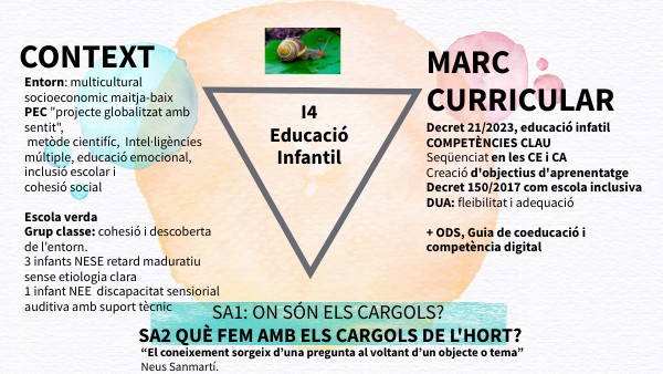 Entorn: multicultural socioeconomic maitja-baix PEC "projecte globalitzat amb sentit", metòde cientifíc, Intel·ligències múltiple, educació emocional, inclusió escolar i cohesió social Escola verda Grup classe: cohesió i descoberta de l'entorn. 3 infants NESE retard maduratiu sense etiologia clara 1 infant NEE discapacitat sensiorial auditiva amb suport tècnic
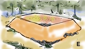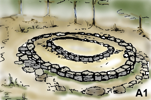 MONUMENTS DE TYPE ASépulture en terre en forme de tertre rond ou ovale presentant deux étages. Aucune de celles observées jusqu’alors ne dépasse 1 mètre de haut. Nous les considérons donc tous comme bas. La différence de hauteur entre ces deux étages n’est pas très grande. On subdivise ce type en deux catégories.
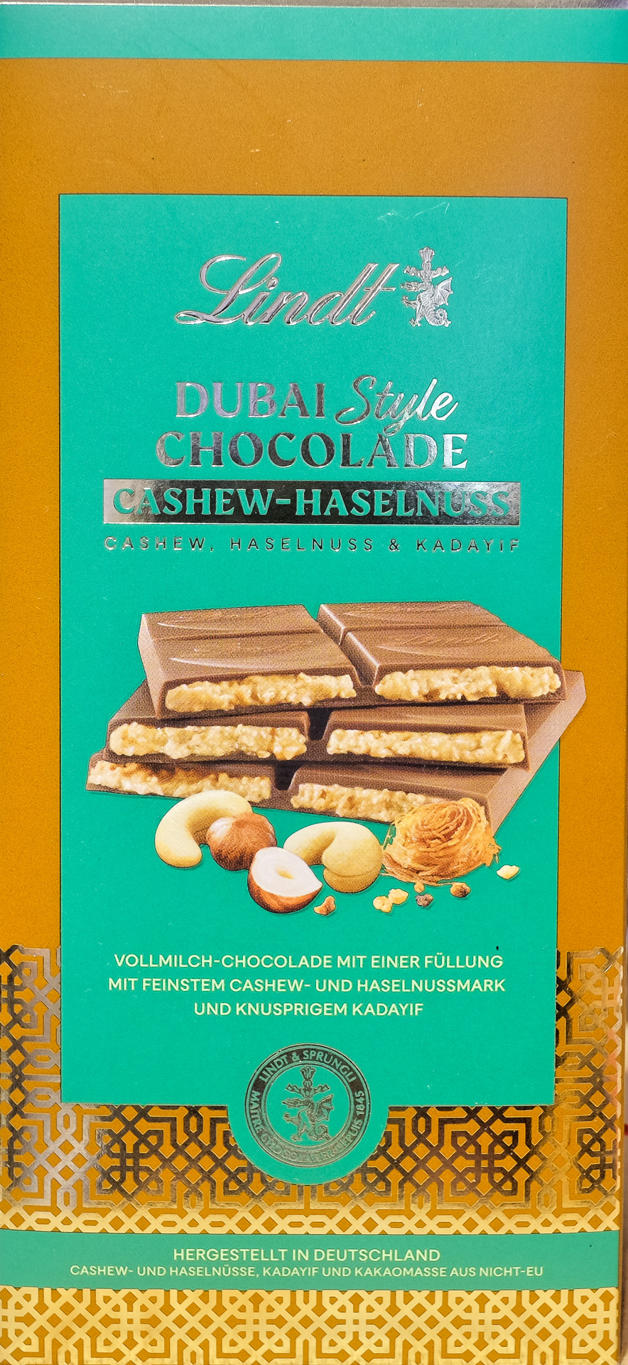 Lindt - Dubai Style Chocolade Cashew-Haselnuss Gefüllte Vollmilch-Schokolade mit Cashewkern-Haselnuss-Engelshaar-Füllung (22 %)
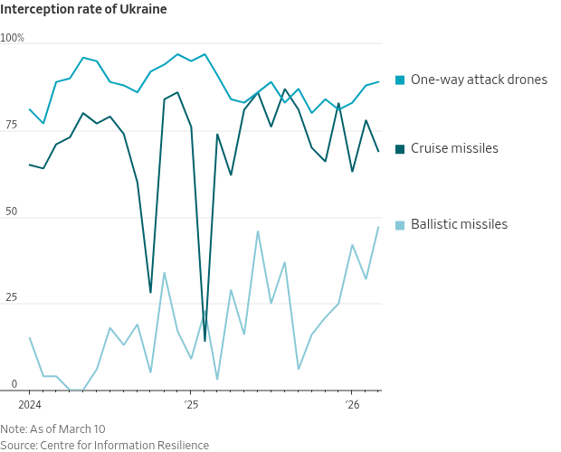 Since the start of 2024, Ukraine has shot down just 19% of ballistic missiles but 88% of long-range drones launched by Russia, according to the Centre for Information Resilience, a U.K. nonprofit.
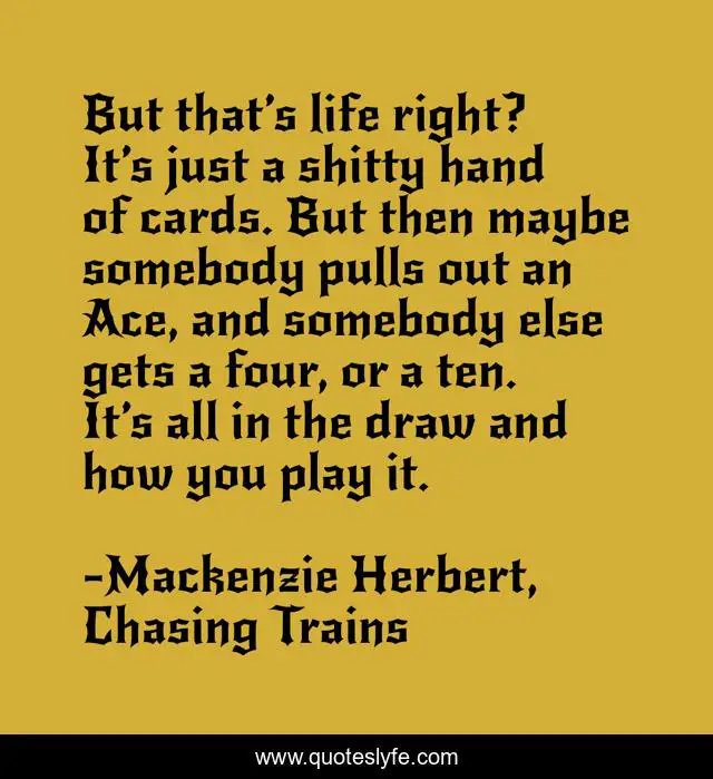 This page presents the quote "But that’s life right? It’s just a shitty hand of cards. But then maybe somebody pulls out an Ace, and somebody else gets a four, or a ten. It’s all in the draw and how you play it.". Author of this quote is Mackenzie Herbert, Chasing Trains. This quote is about metaphor, mackenzie-herbert, ace, life-lessons, cards, life-philosophy, chasing-trains,.
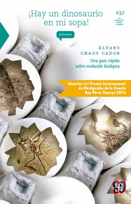 A vuelo de pájaro pero sin renunciar a la observación detenida, esta obra nos guía por el fascinante paisaje de la evolución de los seres vivos. El itinerario arranca desde el propio autor, considerado como miembro de una especie biológica, y llega hasta la copa de los árboles, pasando por los dinosaurios y las aves, las hormigas y las neuronas, los procesos de especiación, la genética de poblaciones, el costo reproductivo del sexo y algunos monstruos de fábula. Con una acertada mezcla de información sobre procesos evolutivos, temas históricos y asuntos culturales, sus brevísimas secciones no dan respiro al lector en este recorrido por la biología de la evolución. La obra está destinada a un público amplio, que disfrutará la precisión del científico profesional con una mirada propia y fresca, un fino sentido del humor y una prosa que fluye sin obstáculos. ¡Hay un dinosaurio en mi sopa! obtuvo en 2014 el II Premio Internacional de Divulgación de la Ciencia Ruy Pérez Tamayo.
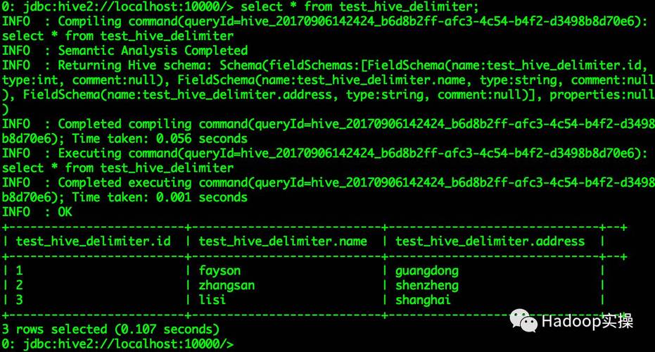 0: jdbc:hive2://localhost:10000/> select * from test_hive_delimiter; ... INFO : OK +-------------------------+---------------------------+------------------------------+--+ | test_hive_delimiter.id | test_hive_delimiter.name | test_hive_delimiter.address | +-------------------------+---------------------------+------------------------------+--+ | 1 | fayson | guangdong | | 2 | zhangsan | shenzheng | | 3 | lisi | shanghai | +-------------------------+---------------------------+------------------------------+--+ 3 rows selected (0.107 seconds) 0: jdbc:hive2://localhost:10000/>
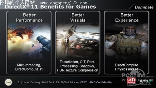 AMD-ATI新一代显卡Radeon HD 5800系列将支持三大技术,分别是微软最新的3D API DirectX 11、多屏显示技术ATI Eyefinity以及并行计算技术ATI Stream。这三大技术将回是新一代HD 5800显卡的重点技术,下面我们一起看看这三大技术将为我们带来什么样的效果。

TASK REQUIREMENTS
Stop at the line containing "This page presents" and include it. Everything from the first line of the material up to there is to be repeated exactly, leaving out pictures.

EXERCISE ANSWER
 Entorn: multicultural socioeconomic maitja-baix PEC "projecte globalitzat amb sentit", metòde cientifíc, Intel·ligències múltiple, educació emocional, inclusió escolar i cohesió social Escola verda Grup classe: cohesió i descoberta de l'entorn. 3 infants NESE retard maduratiu sense etiologia clara 1 infant NEE discapacitat sensiorial auditiva amb suport tècnic
 MONUMENTS DE TYPE ASépulture en terre en forme de tertre rond ou ovale presentant deux étages. Aucune de celles observées jusqu’alors ne dépasse 1 mètre de haut. Nous les considérons donc tous comme bas. La différence de hauteur entre ces deux étages n’est pas très grande. On subdivise ce type en deux catégories.
 Lindt - Dubai Style Chocolade Cashew-Haselnuss Gefüllte Vollmilch-Schokolade mit Cashewkern-Haselnuss-Engelshaar-Füllung (22 %)
 Since the start of 2024, Ukraine has shot down just 19% of ballistic missiles but 88% of long-range drones launched by Russia, according to the Centre for Information Resilience, a U.K. nonprofit.
 This page presents the quote "But that’s life right? It’s just a shitty hand of cards. But then maybe somebody pulls out an Ace, and somebody else gets a four, or a ten. It’s all in the draw and how you play it.". Author of this quote is Mackenzie Herbert, Chasing Trains. This quote is about metaphor, mackenzie-herbert, ace, life-lessons, cards, life-philosophy, chasing-trains,.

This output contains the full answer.